When they serve process, sheriffs and chief deputy sheriffs function as independent contractors rather than employees under the common law definition. See IRS Rev. Rul. 70-574, 1970-2 C.B. 222 (process servers who serve legal papers for a company on behalf of various attorneys are not employees of the company for FICA purposes, by application of the common law guidelines for employment status). Notably, they may be hired to serve process by the State or by third parties. When process is served for the State, sheriffs and chief deputy sheriffs are paid on a vendor payment system utilized for all independent contractors doing business with the State.
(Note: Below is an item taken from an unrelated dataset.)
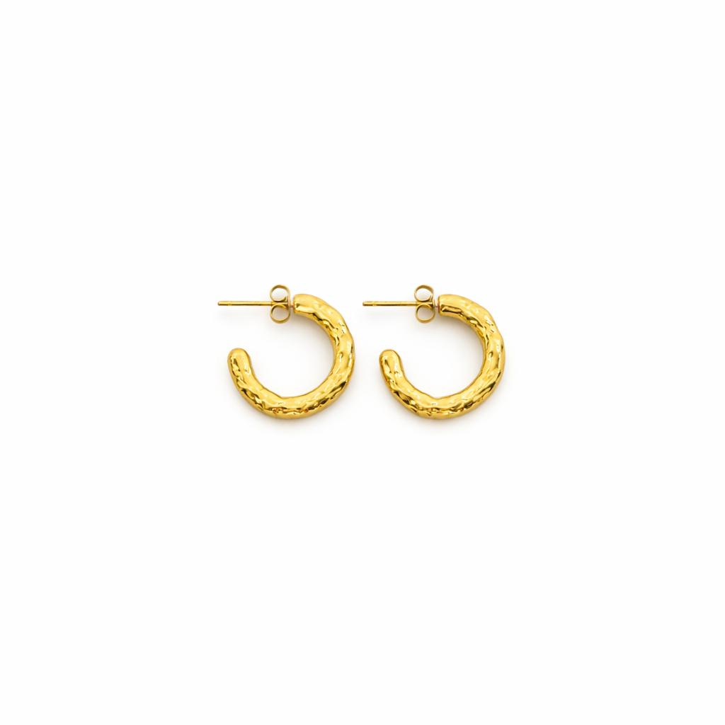 The Elki Gold Earrings are a mini gold hoop with a rippled, hammered texture that wraps around the entire form. The texture catches the light in that warm, uneven way that a smooth hoop simply cannot, giving a small earring a lot more character than its size suggests. A subtle upgrade on the classic everyday hoop.

Thus, although section 5-187 concludes that sheriffs and chief deputy sheriffs are not employees of the State in regard to all (non-Judicial Department payroll) fees, they are nonetheless functioning as common law employees when they perform their duties, with the exception of service of process. Therefore, because chief deputy sheriffs who earn fees pursuant to Conn. Gen. Stat. §§ 6-41, 6-43, and 6-34 are functioning as common law employees of the State, such fees are covered by the State's section 218 agreement. Consequently, the State must report chief deputy sheriffs' earning from such fees, in addition to their salaries, to the SSA for purposes of Social Security coverage.
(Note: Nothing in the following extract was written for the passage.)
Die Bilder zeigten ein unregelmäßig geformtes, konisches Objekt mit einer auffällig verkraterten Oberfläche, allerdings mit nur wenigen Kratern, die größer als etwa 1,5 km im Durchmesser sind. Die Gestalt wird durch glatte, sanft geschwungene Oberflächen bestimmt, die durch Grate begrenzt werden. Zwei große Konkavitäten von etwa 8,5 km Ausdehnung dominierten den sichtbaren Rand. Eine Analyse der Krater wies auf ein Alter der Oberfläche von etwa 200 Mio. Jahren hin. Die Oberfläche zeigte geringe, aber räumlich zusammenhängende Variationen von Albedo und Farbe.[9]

In contrast, because sheriffs and chief deputy sheriffs are functioning as independent contractors when they serve process, earning from such activities should not be reported to the SSA by the State.

Very truly yours,

RICHARD BLUMENTHAL
ATTORNEY GENERAL

Judith A. Brown
Assistant Attorney General

RB/JAB/bjg


1 Modification 62 (app. April 1, 1958) to the State's section 218 agreement specifically added coverage for members of the State Employees Retirement System but could not be implemented because the original agreement only covered municipal employees. Consequently, Modification 65 was passed to extend coverage to both state and municipal employees, except those specifically excluded. Mod. 65, app. May 20, 1958. Modification 68 excluded services compensated on a fee basis. Mod. 68, app. May 29, 1958. However, where a government employer may exclude from coverage services paid on a fee basis, such exclusion is limited t those positions compensated entirely by fee. 28 Conn. Op. Atty. Gen. 159 (1954). Thus, a governmental employee compensated by both such salary and fee. Id.

2 At the time section 5-187 was enacted, fees were paid on a Judicial Department payroll for court attendance, cell block supervision, metal detection, and riot control. Effective January 1, 1981, court attendance fees became payable through the Comptroller's business office payroll unit, and cell block, metal detection, and riot control fees through the sheriff's office as vendor payments.

3 Sheriffs need not collect from the State fees which would subsequently be delivered by the sheriffs to the State. Conn. Gen. Stat. § 6-33.

4 The State's section 218 agreement, as amended on March 31, 1958, refers to the definition of "employee" as defined in section 210 (k) of the Social Security Act. Such definition is currently contained in section 410(j) of the Act. 42 U.S.C.A. § 410(j) (1990).

5 The IRS ruling provides a comprehensive analysis of the common law definition of employee as applied to deputy and special deputy sheriffs when performing the duties of prisoner transport, courtroom security, and jury sequestration.